III. APPLICATIONS DU SYNTHÉTISEUR
       1. Situations possibles
       2. Apprentissage
       3. Dans le futur

CONCLUSION

BIBLIOGRAPHIE




I. LE SIGNAL DE LA PAROLE


1. De l'organe aux sons

a. Anatomie des organes phonatoires

Remarque : la parole est une fonction surajoutée. En effet, la langue et les lèvres servent principalement à manger et à avaler, les poumons et la trachée servent à la respiration. C'est l'évolution vers la parole qui a parallèlement impliqué le développement de différentes structures telles la langue et les lèvres.

b. Production du signal de parole (son très élaboré)

Le son, pour être produit, a besoin d'un support : l'air. Cet air est envoyé des poumons dans le larynx et passe par les cordes vocales.
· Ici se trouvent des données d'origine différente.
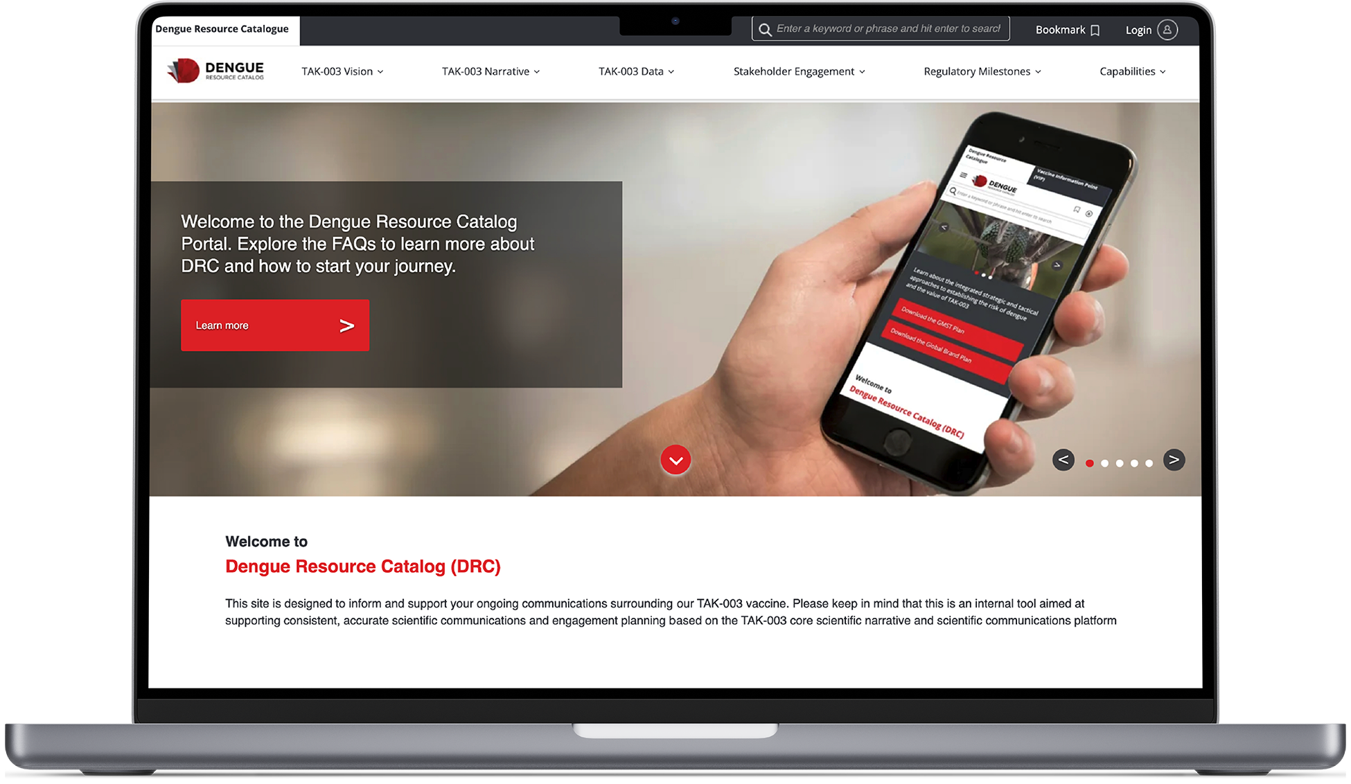 The Dengue Resource Catalog (DRC) platform became a cornerstone of Takeda’s digital ecosystem. The platform received positive feedback for its usability and comprehensive content about our dengue vaccine candidate (TAK-003). This project demonstrated my ability to lead complex digital initiatives, collaborate across diverse teams, and deliver impactful solutions that align with both user needs and organizational goals.

Ce sont elles qui vont convertir cette énergie en bruits audibles. Puis le mouvement des lèvres, de la langue par rapport au palais, mais aussi des narines, en changeant la forme du tractus vocal, transforment le bruit en différents sons de paroles.

Ce sont donc ces changements de configuration du tractus vocal qui induisent les variations dans les sons que nous produisons. Il en est de même pour certains instruments de musique tels la clarinette et le haut bois : le souffle fait vibrer la bouche (énergie convertie en bruits audibles), puis on fait varier les ouvertures, ce qui change la configuration dans la caisse de résonance, et donc fait varier le son.
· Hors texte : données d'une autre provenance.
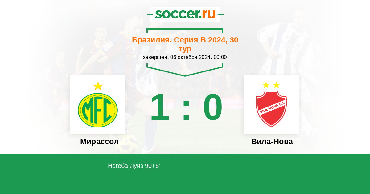 Протокол матча Мирассол против Вила-Нова

Les sons produits sont de différents types :

C'est parce qu'à chaque son correspond une configuration du tractus vocal que nous pouvons prétendre établir un codage permettant de lier la position spatiale d'un élément du tractus vocal (nous avons choisi les lèvres) et les différents sons.

c. Propagation, réception

Les sons se propagent d'un point à un autre sous forme de vibrations acoustiques, d'ondes sonores, d'une manière continue. Ces ondes seront modifiées par le milieu : c'est la fréquence qui sera " filtrée ", modulée. Il est possible de modéliser des ondes (donc une voix), en en mesurant leur fréquence.

Exemple : Dizzi Gillespie (prononcé à l'américaine).

La réception d'un son se fait grâce à l'appareil auditif qui va décrypter le message sonore en fonction de ses différents paramètres, puis en analyser son intensité, sa mélodie, etc...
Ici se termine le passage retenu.